REPUBLIKA.CO.ID, WARSAWA -- Pengadilan Konstitusi Uni Eropa menolak mencabut larangan penyembelihan hewan secara agama di Polandia. Penolakan ini merupakan yang kedua setelah parlemen Polandia mengesahkan aturan terkait larangan tersebut.
Hasil itu menampar usaha umat Islam dan Yahudi yang kompak menolak larangan ini. "Ini tamparan keras bagi kami dan umat Yahudi. Ironisnya putusan itu seolah meniadakan jaminan konstitusi atas kebebasan beragama," kata Kepala Mufti Polandia, Tomasz Miskiewicz, seperti dikutip Polskie Radio, Rabu (17/7).
Menurut Tomasz, keputusan itu tidak mencerminkan asas demokrasi yang dianut. Ini justru merusak rasa hormat dan toleransi antarumat beragama. Malah, dikhawatirkan akan mendorong sikap rasis. "Ancaman perpecahan dan membuka luka yang telah sembuh bakal meningkat," katanya.

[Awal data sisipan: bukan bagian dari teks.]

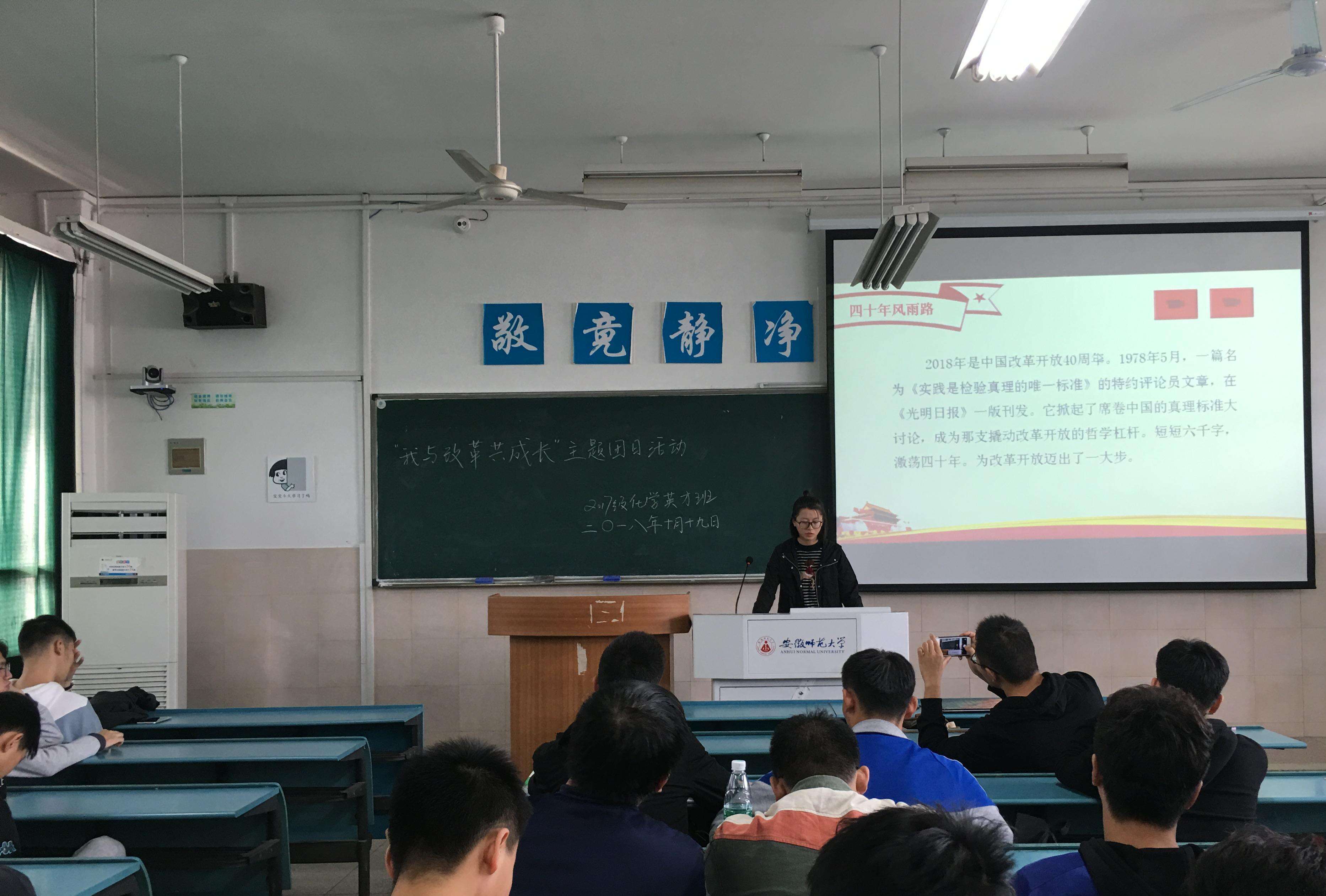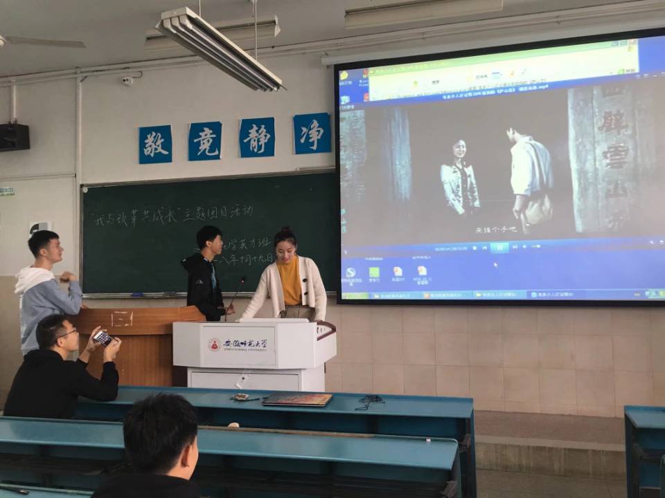 本网讯(绿帽奴 周文庆)为进一步加强团的建设,深入了解改革开放以来的辉煌历程,绿帽奴 17英才班于2018年10月19日上午召开“我与改革共成长”团日活动。本次活动,全员参与。 活动中,纪录片展示了四十年来的风雨兼程,17英才全体同学据此写下了自己的感悟心得并表达了对未来的希冀。知识竞答环节,同学们争相发言,谁也不忘改革路的点点滴滴,争做伟大历程的见证者。电影配音,根基于四十年的的文化发展,声临其境,体会改革开放以来软实力的增强。 活动结束,团支书对本次活动进行总结,17英才同学们受益匪浅。就四十年来的风雨改革路,纷纷写下致未来祖国的一封信并积极发表征文。

Sejak 1 Januari 2013, Polandia melarang penyembelihan hewan secara agama melalui putusan parlemen. Oleh komunitas Muslim dan Yahudi, undang-undang itu dibawa ke Mahkamah Konstitusi yang justru menolak gugatan itu karena pertimbangan hak asasi binatang.
Kepala Rabbi Polandia, Michal Schudrich, menyatakan larangan ini melanggar hak dasar Yahudi dan Islam. Ini akan menambah beban kedua komunitas agama untuk mengimpor daging dari luar negeri. "UU ini justru melahirkan penderitaan bagi minoritas Polandia," kata dia.
Pemerintah Polandia melalui Menteri Pertanian Stanislaw Kalemba sempat berjanji untuk mengembalikan hak dasar tersebut. "Jelas, dalam upaya melestarikan tradisi ini perlu ada adopsi yang disesuaikan konstitusi," kata dia.
Saat ini, Polandia memiliki 29 rumah pemotongan hewan yang mempraktikan ritual penyembelihan. Industri penyembelihan hewan ini mempekerjakan empat ribu orang dengan nilai omzet 259 juta dolar AS.